ABOUT COVIDIEN&Covidien is a leading global healthcare products company that creates innovative medical solutions for better patient outcomes and delivers value through clinical leadership and excellence.
Covidien manufactures, distributes and services a diverse range of industry-leading products in medical devices and supplies.
With 2012 revenue of $9.9 billion, Covidien has 38,000 employees worldwide in 70 countries, and its products are sold in over 140 countries.
Please visit
to learn more about our business.&柯惠医疗简介柯惠医疗(Covidien)是一家全球领先的医疗产品生产商,致力于提供创新的医疗解决方案以帮助患者获得更好的治疗效果,藉临床领导地位与卓越品质为医疗行业提供价值。柯惠医疗在医疗器械和医疗用品领域生产和销售各种各样行业领先的产品,并提供服务。2012年,柯惠医疗全球营业收入达99亿美元,在全球70个国家和地区有38,000名员工,产品销售至140多个国家和地区。如需详细了解柯惠医疗,请登录公司官网。

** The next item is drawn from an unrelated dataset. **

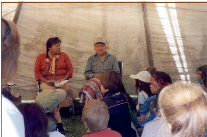
Canim Lake Elders telling stories to youth.

地区人才网招聘地区人才网招聘地区人才网招聘地区人才网招聘地区人才网招聘地区人才网招聘地区人才网招聘地区人才网招聘地区人才网招聘地区人才网招聘地区人才网招聘地区人才网招聘地区人才网招聘地区人才网招聘地区人才网招聘地区人才网招聘地区人才网招聘地区人才网招聘地区人才网招聘地区人才网招聘地区人才网招聘地区人才网招聘地区人才网招聘地区人才网招聘地区人才网招聘地区人才网招聘地区人才网招聘地区人才网招聘地区人才网招聘地区人才网招聘地区人才网招聘地区人才网招聘
新版企业粉丝团全新上线,找好工作的梦想不再是幻想,快来加入与企业对话!In-Stream Big Data Processing
In-Stream Big Data Processing
Table of Contents
1 in-stream-big-data-processing
In recent years, this idea got a lot of traction and a whole bunch of solutions like Twitter’s Storm,
Yahoo’s S4, Cloudera’s Impala, Apache Spark, and Apache Tez appeared and joined the army of Big Data and NoSQL systems. This article is an effort to
explore techniques used by developers of in-stream data processing systems,
trace the connections of these techniques to massive batch processing and OLTP/OLAP databases,
and discuss how one unified query engine can support in-stream, batch, and OLAP processing at the same time.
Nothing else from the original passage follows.